Si le préfet de Haute-Garonne et d'Occitanie, Étienne Guyot, se refuse à tout commentaire à ce sujet, son homologue du Tarn devrait prendre la parole à son tour dans les heures à venir. "La position nationale est de référer ces arrêtés municipaux pour les faire tomber", fait néanmoins déjà savoir son cabinet.

"Depuis quand un préfet fait du droit et déclare un arrêté illégal avant le tribunal administratif ?" pointe du doigt le maire de Rodez, Christian Teyssèdre. Surtout, un tel jugement à l'avance peut s'avérer périlleux. Dans le dossier des salles de sport, ou encore des bars et restaurants, les différents tribunaux administratifs de France n'ont pas rendu le même verdict sur leur fermeture ces derniers mois. En sera-t-il de même pour les commerces de proximité ? "Si nous ne sommes pas attendus, nous pourrons aller jusqu'à saisir le Conseil d'État", prévient déjà Thierry Deville.

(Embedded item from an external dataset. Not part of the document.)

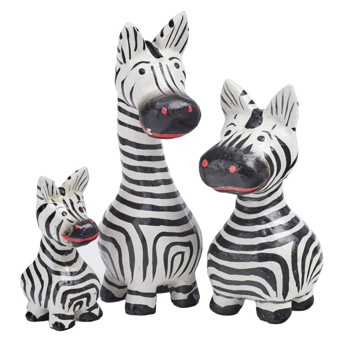 Hand-carved and hand-painted albesia wood set of 3 zebras.
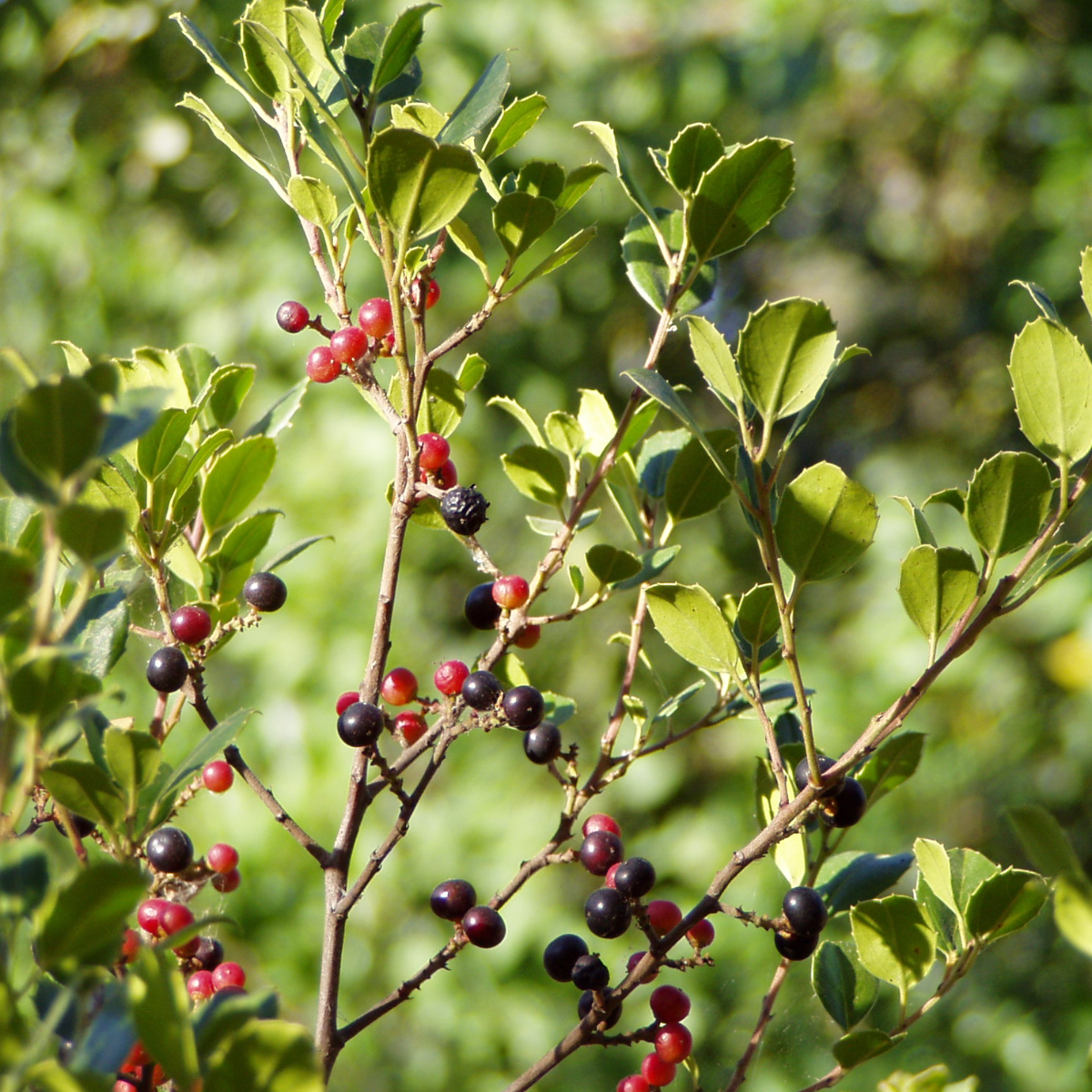 Commonly known as the Italian Buckthorn this evergreen shrub produces beautiful autumnal fruit and delicate foliage. Rhamnus alaternus originates from the shrubland of the Mediterranean and will give your garden the refined yet rugged aesthetic of Greek or Italian countryside. Perfect in a mixed border the continuous greyish-green foliage provides a lovely backdrop to contrast other plants against and displays small yellow flowers from February to April. Glossy red berries emerge in autumn and gradually become darker ripening to a deep purple/black. This medium sized shrub has a maximum height and spread of 4 meters with a spreading but erect habit.

Avant l'annonce de ces décisions juridiques tant attendues, certaines municipalités à l'image de Pibrac (Haute-Garonne), et intercommunalités comme le Sicoval (Sud-est toulousain) lancent des market places en ligne pour instaurer un dispositif de click & collect pour leurs commerçants. D'ailleurs, ces derniers, aux côtés des salles de sport et de la filière événementielle, ont prévu de rassembler d'une manière innovante 1 000 personnes sur la place du Capitole à Toulouse, vendredi 6 novembre pour faire entendre leur colère.